Germany's Aims in the First World War
- Author: Fritz Fischer
- Original title: Griff nach der Weltmacht: Die Kriegzielpolitik des kaiserlichen Deutschland 1914–1918
- Language: German
- Genre: History
- Publisher: W. W. Norton & Company
- Publication date: 1961
- Publication place: Germany
- Published in English: 1967
- ISBN: 0-393-09798-6

= Germany's Aims in the First World War =

1961 book by Fritz Fischer

Germany's Aims in the First World War (Griff nach der Weltmacht: Die Kriegszielpolitik des kaiserlichen Deutschland 1914–1918, lit. 'Reaching for World-Power: Imperial Germany's War Aims 1914–1918') is a book by German historian Fritz Fischer. It is one of the leading contributions to historical analysis of the causes of World War I, and along with this work War of Illusions (Krieg der Illusionen) gave rise to the "Fischer Thesis" on the causes of the war. The title translates as "Grab for World Power". or "Bid for World Power". Essentially Fischer attempts to link together a continuum of German belligerence in its "grab for power" weaving it all together into a cohesive theme of German Weltpolitik.

==Publication==
Griff nach der Weltmacht was published in October 1961. It was published in Britain under the title Germany's Aims in the First World War in 1967, translated by C.A. Macartney with an introduction by James Joll.
The book included a memorandum by the then German Chancellor Bethmann-Hollweg dated 9 September 1914 which set out a plan for Germany to dominate Europe.

==Controversy==

Fischer argued that Germany had a policy of deliberately provoking war during July 1914 and that during the war Germany developed a set of annexationist war aims similar to those of Adolf Hitler during the Second World War. On publication, the book caused controversy in West Germany as it challenged the view that Hitler was an aberration by emphasising the continuity in German foreign policy in 1914 and 1939. The book was also controversial for challenging the established view that Germany did not bear the primary responsibility for outbreak of the war, the so-called "war guilt lie". Fischer also claimed that German elites had wanted war since as early as 1912, with the victory of the SPD in the Reichstag.

==Academic reaction==
The historian John Moses stated in his 1975 work The Politics of Illusion that "No serious German historian today can venture to pit himself against the evidence compiled by the Fischer school." Fischer inspired several disciples, including the historian Imanuel Geiss. However, Fischer was ridiculed by conservative German historians who created a backlash against his ideas. The most notable critic was conservative historian and patriot Gerhard Ritter, who is said to have broken down in tears when lecturing on Fischer's line of argument in Griff nach der Weltmacht. Fischer's ideas were welcomed by historians in communist East Germany; Fritz Klein considered Fischer's views to be uncontroversial.

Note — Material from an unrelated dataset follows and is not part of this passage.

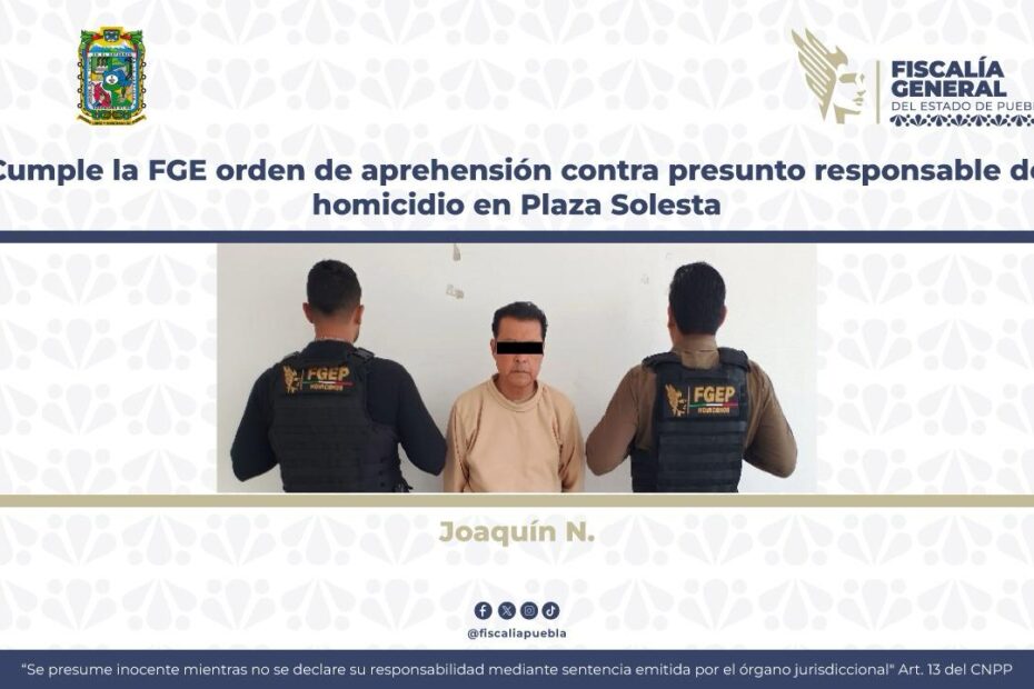 Como resultado de trabajo de campo y gabinete, la Fiscalía General del Estado de Puebla cumplimentó una orden de aprehensión en contra de Joaquín N.,… Read More »Cumple la FGE orden de aprehensión contra presunto responsable de homicidio en Plaza Solesta

Mombauer argues that Fischer's work led to greater discussion of the Holocaust by German history professors. A number of German and British historians find the assertions of Fischer a glaring oversimplification of how the First World War developed, arguing that is decidedly disingenuous given the complexity of the situation as a whole - especially since parts of the evidence for German war aims (i.e. belligerence) from before the Great War were collected amid the fringe writings of Pan-Germans or were parceled together from Kaiser Wilhelm's rantings; none of which constituted official state policy.

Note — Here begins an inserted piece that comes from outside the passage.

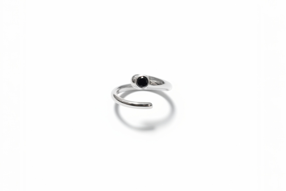 Χειροποίητο δαχτυλίδι σπο επιπλατινωμενο ασημι 925 με μαυρη πετρα ζιργκον

Stephen A. Schuker, writing in 2015, notes that although Fischer's book aroused great controversy when it was published, "Fischer's work made its way. Refinements by Immanuel Geiss, John Röhl, Holger Afflerbach, Annika Mombauer, and others have confirmed the essentials".

==See also==
- Article 231 of the Treaty of Versailles
- Causes of World War I
- Historiography of the causes of World War I
- Septemberprogramm
- Weltpolitik
- War guilt question
- War of Illusions
- Vienna Conference (August 1, 1917)
- Vienna Conference (October 22, 1917)
- Vienna Conference (March 16, 1917)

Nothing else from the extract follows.